J'oublierai de mourir
Tu me tricotes la tendresse et tu brodes l'azur. Un point. Un autre point. Une ligne infinie. Une maille de caresses. Une autre de baisers. Ton fil est si pur. Tu me fais comme une double peau tenant lieu de tendresse, un tricot d'espérance, la petite laine du cœur. Je reprends souffle et chair. Je reprends pied. Je reprends voix. Je reprends vie pour traverser la mort comme un nouveau départ. Je reprends jusqu'à nous mes je éparpillés. Pose ton front sur mon cœur, ce qui arrive est nous. Dans la grande nuit du monde, tes yeux me font lumière.

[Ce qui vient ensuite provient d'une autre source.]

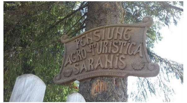
Photo 3. Advertising panel Saranis Agritourism Pension, Beliş commune, Cluj county

84 respondents stated that they used booking and promotion sites for both domestic and international tourism market. especially Hungarian, among which we can mention: www.portalturism.com, www.LaPensiuni.ro, www.Travelminit.ro, www.Carta.ro. www.TurismInfo.ro, www.HotelGuru.hu,, www.CautPensiuni.ro, www.Booking.com, www.DirectBooking.com, www.TripAdvisor, www.Travlocals.com, or they advertised on facebook.
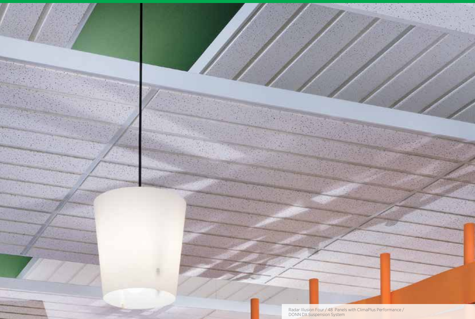
Radar Illusion Four / 48 Panels with ClimaPlus Performance / DONN DX Suspension System
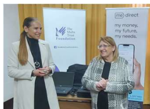
Malta Trust Foundation
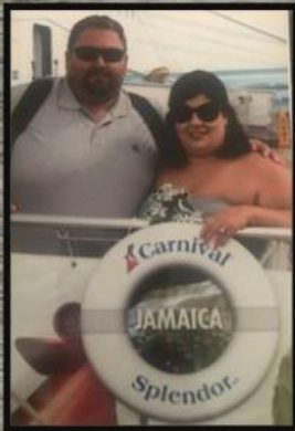
Waterfalls in Ochos Rios, Jamaica
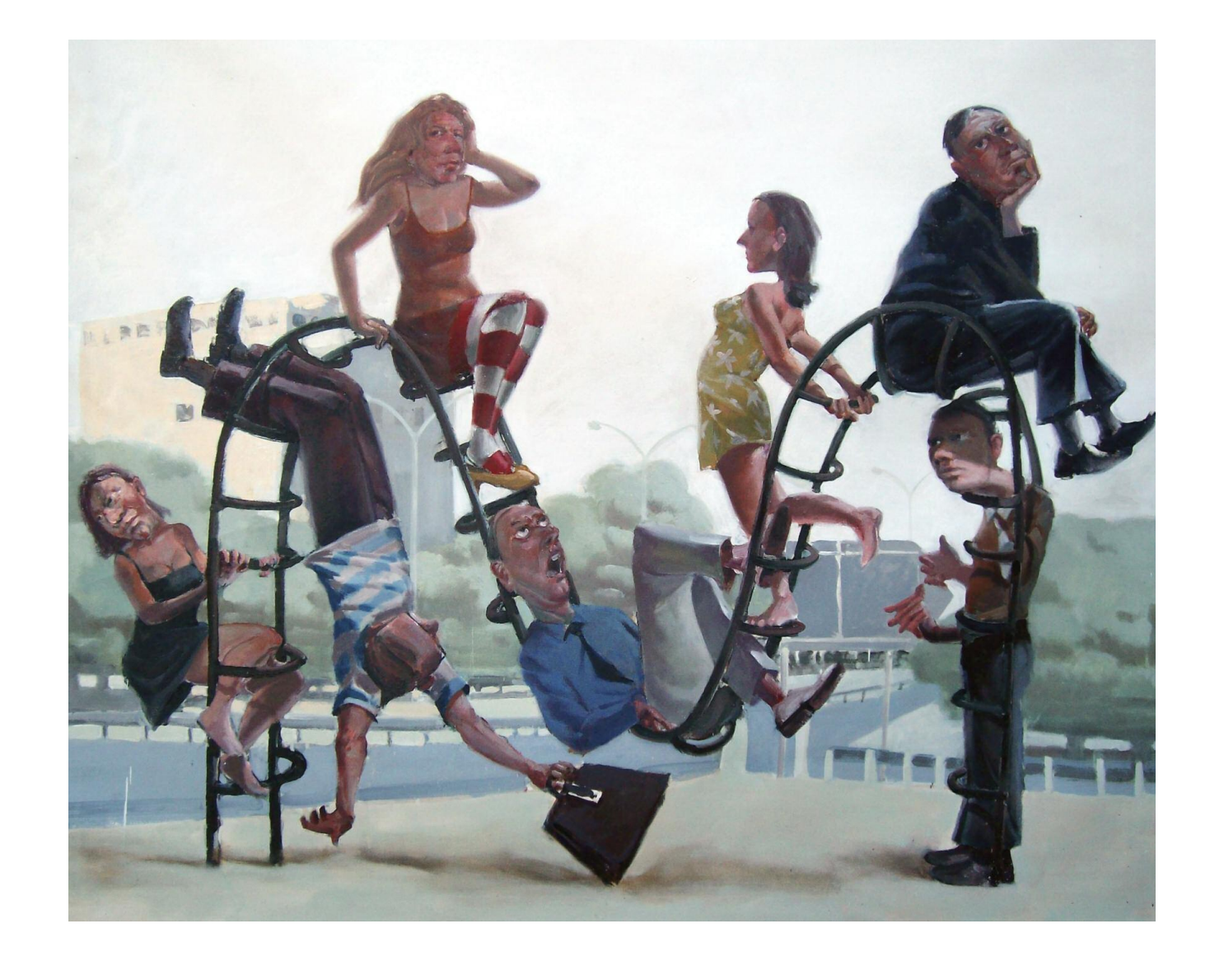
Train [2014] Oil on canvas 125x148 cm

Je t'appelle depuis le fond des choses avec les mains pleines de douceurs, les yeux éblouis, le cœur ébaroui. Nous nous ferons l'amour, la bonté, l'absolu. Tu m'entends, je le sais. Depuis toujours, depuis demain, depuis là-bas. Chaque fois que tu m'appelles, je frissonne. Mon cœur bat plus fort. Brisant sa petite cage de verre, toute mon eau coule vers toi. Je t'embrasse et je ris. Il n'y a plus rien d'autre. Il y a nous. Il y a tout. Je fonds en larmes, en jubilations, en remerciements. Je me refais en toi. Nos lèvres, l'une sur l'autre, nous réchauffent le ventre. Toute la pointe aigue de mon âme vibre vers toi. Nous étions faits pour nous rencontrer. De plus loin que nous, de plus loin que le phylum des ancêtres, de plus loin que tout.
Après l'hiver, quand tout le reste fond, nos baisers subsistent. Ils courent dans la sève et font grimper les fleurs. Je ne sais rien encore de la vie, de la mort. Je sais ta peau contre la mienne et cela me suffit. Je n'ai plus besoin de réponses ni même de questions. La mer qui m'appelle, ce sont tes bras avec leurs doigts de pluie. La terre qui me porte, c'est ta vie. La route, c'est nous-deux. Je me laisse porter par tes mains sur mes épaules, tes lèvres sur ma peau, tes mots dans mes oreilles. Tes voyelles de jour s'emmêlent à mes consonnes de nuit. J'enfile tes mains comme des gants de bonheur. Je te prête les miennes. Fais-en ce que tu veux mais surtout des caresses. Je te donne tout de moi, de la parole aux gestes. À t'aimer comme je t'aime, j'oublierai de mourir.